Тут я вспомнил слова Рафаля Бобака, сказанные им в столовой отеля «Блоксхэм», и мне пришла в голову одна мысль.
– А она намного его старше? – спросил я.
– Кто? – спросил Стоукли озадаченно.
– Женщина, о которой вы говорите. Сколько ей лет?
– Да лет на десять постарше вас. Сорок два, сорок три, может.
– Понятно. – Меня впечатлила точность, с которой он определил мой возраст. Если он на это способен, то уж, конечно, что-нибудь более связное я из него еще вытащу.
И я ринулся в самую гущу нашей хаотической беседы:
– Так, значит, женщина, о которой вы говорите, старше того негодника, который сидел на этом стуле несколько минут назад?
Стоукли нахмурился.
– Да нет, парень, его она старше на добрых двадцать лет! Вы, полицейские, всегда такие странные вопросы задаете…

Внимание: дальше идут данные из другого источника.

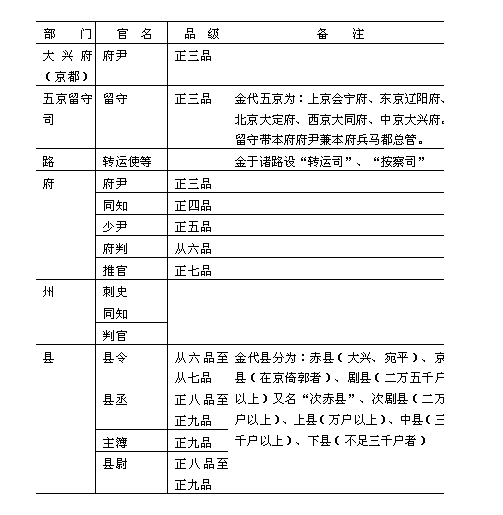 (二)金代地方各主要部门的主要职官
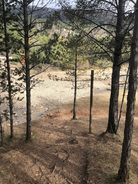 En aquest punt ens vam passar de llarg uns metres del track correcte, malgrat que acompanyats de la gossa Atia, aquesta ens havia marcat el camí. Així que descendim uns metres per agafar ara el Barranc de la Sabina, encara més estret si cap, fins que ja a una bona alçada, es va obrint i el corriol ens porta a una sabina immensa i aillada. Una sabina, arbre de la familia del xiprer, perenne, que no està en perill d'extinció, però que es una autèntica reliquia, del que van ser els boscos d'aquestes comarques i de moltes altres mediterrànies, fa desenes de millers d'anys!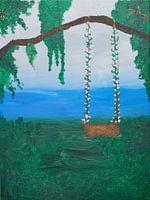 Schilderij in kleur van een acrylschilderij op doek, bruine schommel hangend aan een tak boven een meer

Взрослая женщина и совсем молодой мужчина: именно о такой паре вели в «Блоксхэме» речь Харриет Сиппель, Ида Грэнсбери и Ричард Негус. Я был на верном пути.
– Так, значит, она должна была выйти замуж за бездельника, а влюбилась в основательного человека?
– Нет, не за бездельника, – нетерпеливо возразил Стоукли. Вдруг его веки задрожали. – Ах, но Патрик! Ему-то до величия было рукой подать. Она это видела. Она понимала. Если хотите, чтобы женщины влюблялись в вас, докажите им, что вам рукой подать до величия.